I tried to split 'casesi' into several based on case values so that 
compare is done
in less expensive modes (i.e. QI or HI). In few cases it is not possible 
without

SImode subtract/ compare.

Pattern casesi will have index in SI mode. So, out of range checks will 
be expensive

as most common uses (in AVR) of case values will be in QI/HI mode.

e.g.
  if case values in QI range
if upper three bytes index is set
  goto out_of_range

offset = index - lower_bound (QImode)
if offset > case_range   (QImode)
  goto out_of_range
goto jump_table + offset

  else if case values in HI range
if index[2,3] is set
  goto out_of_range

offset = index - lower_bound (HImode)
if offset > case_range   (HImode)
  goto out_of_range
goto jump_table + offset

This modification will not work for the negative index values. Because 
code to check

upper bytes of index will be expensive than the SImode subtract/ compare.

So, I'm trying to update fix to have SImode subtract/ compare if the 
case values include
negative integers. For, others will try to optimize as mentioned above. 
Is that approach OK?


Alternatively we can have flags to generate shorter code for 'casesi' 
using HImode

subtract/ compare. But correctness is not guaranteed (PR71676).

Regards,
Pitchumani



Re: [patch, avr, pr71676 and pr71678] Issues with casesi expand

2016-09-26 Thread Georg-Johann Lay

On 26.09.2016 15:19, Pitchumani Sivanupandi wrote:

Attached patch for PR71676 and PR71678.

PR71676 is for AVR target that generates wrong code when switch case index is
more than 16 bits.

Switch case index of larger than SImode are checked for out of range before
'casesi' expand.

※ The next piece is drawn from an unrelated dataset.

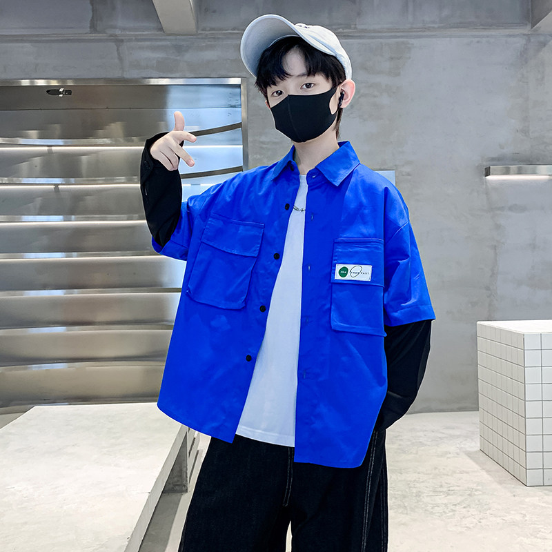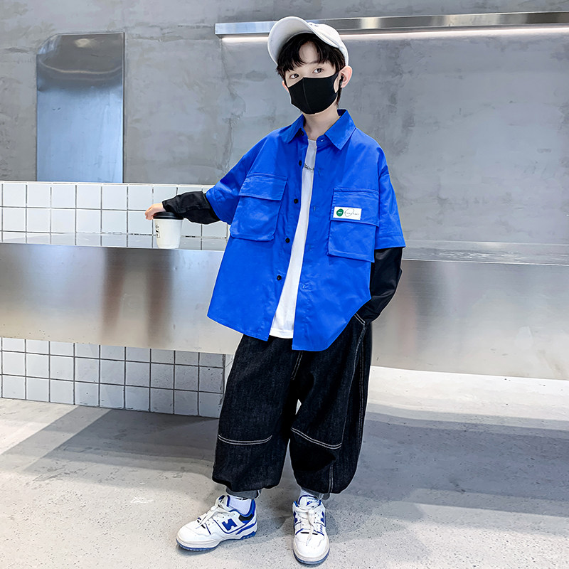 Boy shirt slim fit fall jacket long sleeves 2023 new children's autumn-style shirt capsized for spring and autumn casual children's clothing-Taobao

RTL expand of casesi gets index as SImode, but index is
compared in HImode and ignores upper 16bits.

Attached patch changes the expansion for casesi to make the index comparison
in SImode and code generation accordingly.

PR71678 is ICE because below pattern in 'casesi' is not recognized.
(set (reg:HI 47)
 (minus:HI (subreg:HI (subreg:SI (reg:DI 44) 0) 0)
   (reg:HI 45)))

Fix of PR71676 avoids the above pattern as it changes the comparison
to SImode.


But this means that all comparisons are now performed in SImode which is a 
great performance loss for most programs which will switch on 16-bit values.


IMO we need a less intrusive (w.r.t. performance) approach.

Johann



Regtested using avrtest. No regression found.

If OK, could someone commit please?

Is this OK for gcc-5-branch?

Regards,
Pitchumani

gcc/ChangeLog

2016-09-26  Pitchumani Sivanupandi  

PR target/71676
PR target/71678
* config/avr/avr.md (casesi): Change index compare to SI mode.

gcc/testsuite/ChangeLog

2016-09-26  Pitchumani Sivanupandi  

PR target/71676
PR target/71678
* gcc.target/avr/pr71676-1.c: New test.
* gcc.target/avr/pr71676.c: New test.
* gcc.target/avr/pr71678.c: New test.